By October 7, 2021COVID-19

The coronavirus disease 19 (COVID-19) pandemic, caused by the severe acute respiratory syndrome coronavirus 2 (SARS-CoV-2), has presented an unprecedented challenge to the scientific community. One of the crucial questions facing scientists is regarding the magnitude and durability of the immune response to SARS-CoV-2, given that virus‐specific antibody responses are relatively short‐lived.
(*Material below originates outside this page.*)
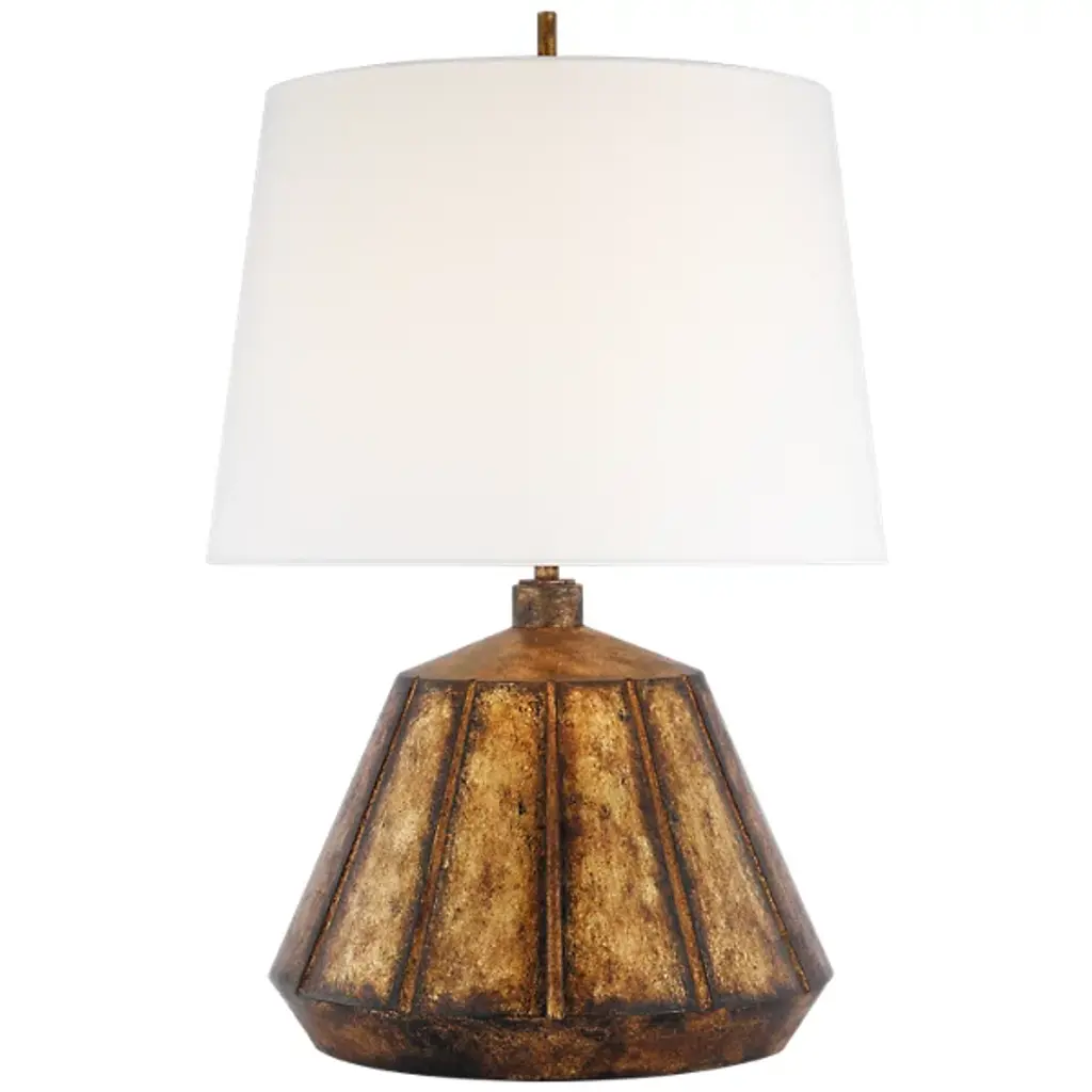 The Frey Table Lamp from Visual Comfort Signature bridges tasteful indoor design and tasteful modern appeal. A Thomas O’Brien creation, its round base bevels outward, heading inward as a conical shape accompanied by a series of angular vertical accents. A slim stem holds powerful lamping, easily mellowed by a flaring fabric shade capped by a cylindrical finial that keeps it in place. The mellow glow extends around the fixture, adding a touch of intrigue and elegance to the body below.
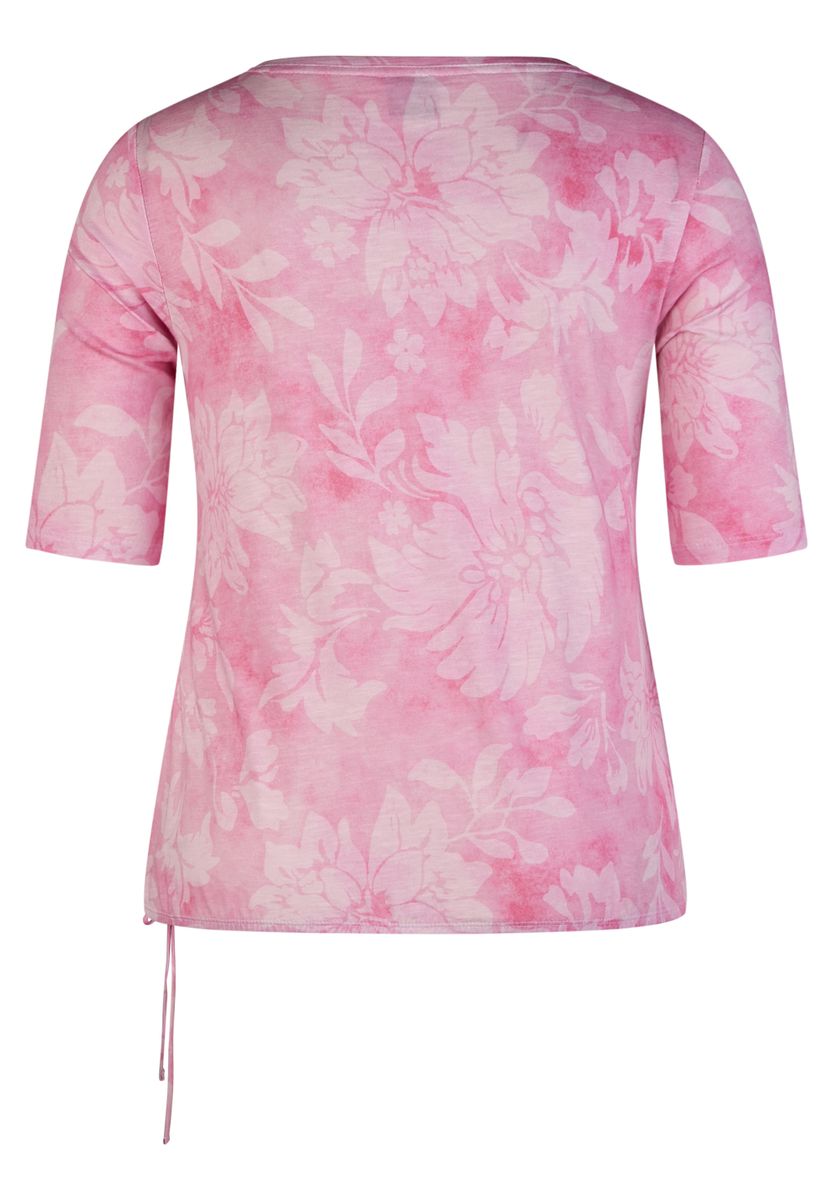 Der leichte Farbverlauf sorgt für eine moderne Optik, während der lockere Schnitt mit Rundhalsausschnitt und halblangen Ärmeln höchsten Tragekomfort bietet. Ein besonderes Detail ist der seitliche Tunnelzug mit Bindeband, mit dem sich die Passform individuell anpassen lässt.Florales Design mit sanftem Farbverlauf.Bequemer Rundhalsausschnitt & halblange Ärmel.Seitlicher Tunnelzug für individuelle Passform.

Study: Function Is More Reliable than Quantity to Follow Up the Humoral Response to the Receptor-Binding Domain of SARS-CoV-2-Spike Protein after Natural Infection or COVID-19 Vaccination. Image Credit: True Touch Lifestyle/ Shutterstock

Study: Function Is More Reliable than Quantity to Follow Up the Humoral Response to the Receptor-Binding Domain of SARS-CoV-2-Spike Protein after Natural Infection or COVID-19 Vaccination. Image Credit: True Touch Lifestyle/ Shutterstock

The kinetics of the humoral response in vaccinees, both with and without prior SARS‐CoV‐2 exposure, is being actively researched. Discussion is mainly around the effectiveness of the immune response to natural infection or vaccination. However, the issue is more complex and requires a better understanding of innate and cellular‐mediated immune responses. The latter is proven to be highly effective and durable against the SARS‐CoV‐2 natural infection.
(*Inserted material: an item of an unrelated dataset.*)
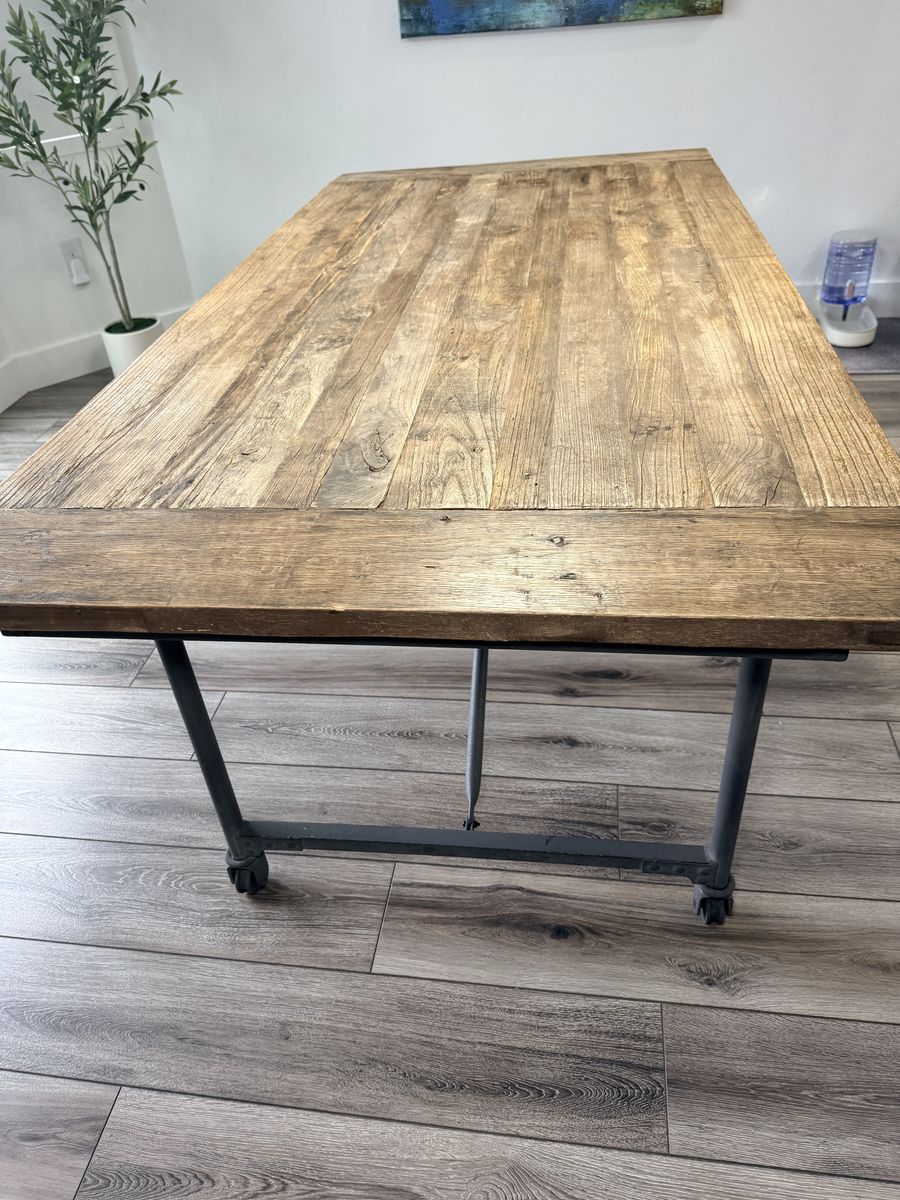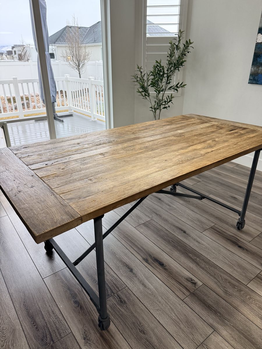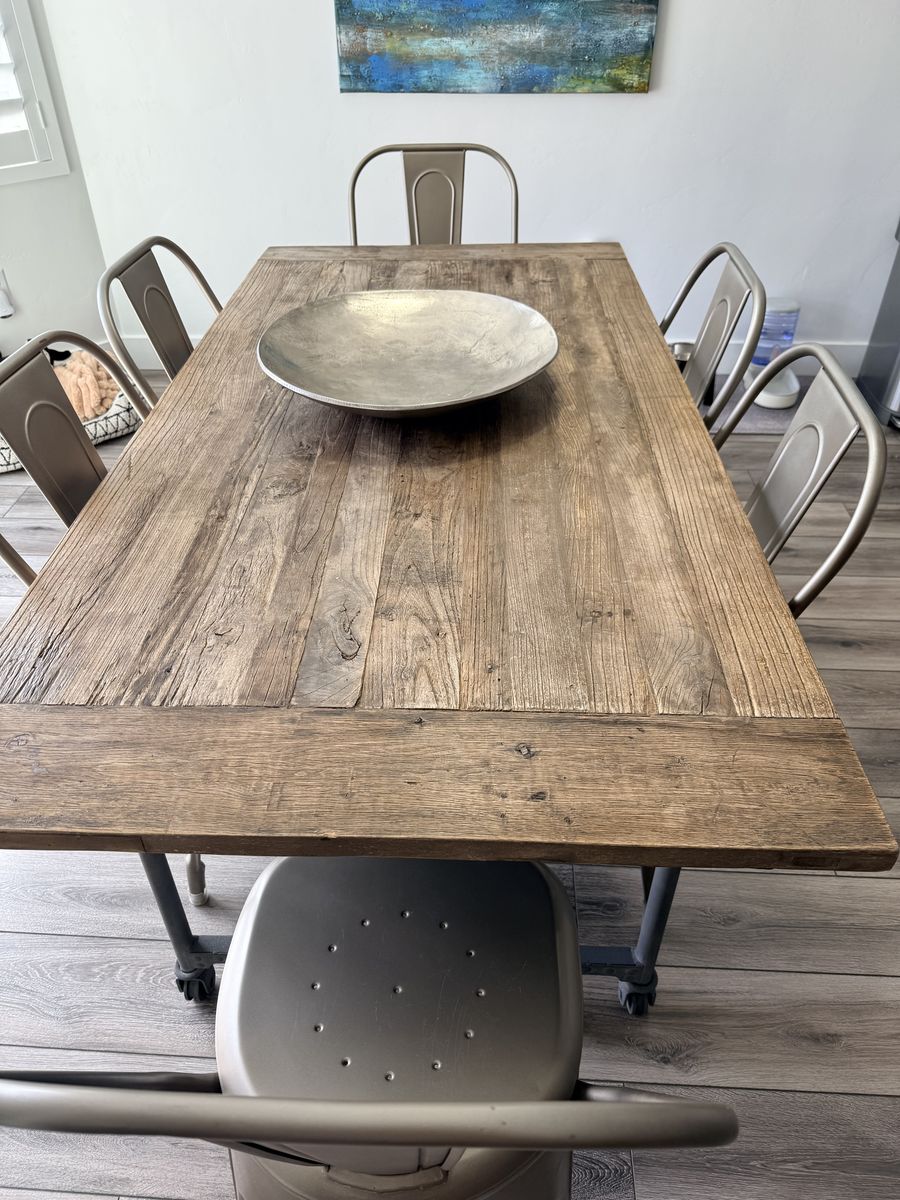 Beautiful Restoration Hardware dining set featuring a solid reclaimed wood table with industrial metal base and caster wheels, paired with 6 matching metal dining chairs.

A new study addressing this issue has been published in Viruses that shows that functional neutralizing antibody tests are more relevant indicators than the presence or absence of binding antibodies.

A new study

Researchers followed a cohort of 59 individuals of Hispanic/Latino origin with prior exposure to SARS‐CoV‐2 to learn more about the kinetics of the humoral immune response to natural infection over time. The group comprised individuals who were pre-exposed (mild symptoms) to infection and unexposed individuals following vaccination.

Neutralizing antibodies (nAbs) were found to wane over time, highlighting the utility of functional neutralization assays. Pre-exposed individuals generated similar amounts of antibodies, after one vaccine dose, as the unexposed after two vaccine doses. These results have important implications for future public health guidance and global vaccine distribution.
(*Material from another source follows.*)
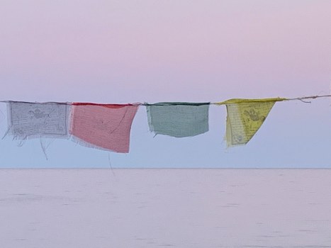 the lake breeze is stronger than the breezes in our backyard; sometimes the flags are horizontal in its fury. the threads are loosening, loosening; the prayers are flying, flying. these little prayer flags are already more quickly tattered than the ones we have at our home. prayers for peace, compassion, strength and wisdom are perhaps more zealous these days, perhaps more often, perhaps more imploring.

Previous research showed a long‐term stabilization of anti‐S IgG values and nAbs. The results obtained in the current study could be due to stabilization at a plateau. Researchers documented that nAbs and anti‐S IgG persisted in most recovered patients regardless of disease severity, age, and co‐morbidities. These nAbs lasted up to eight months from symptoms onset. However, a longer follow‐up period could be beneficial in understanding the antibody kinetics over longer periods.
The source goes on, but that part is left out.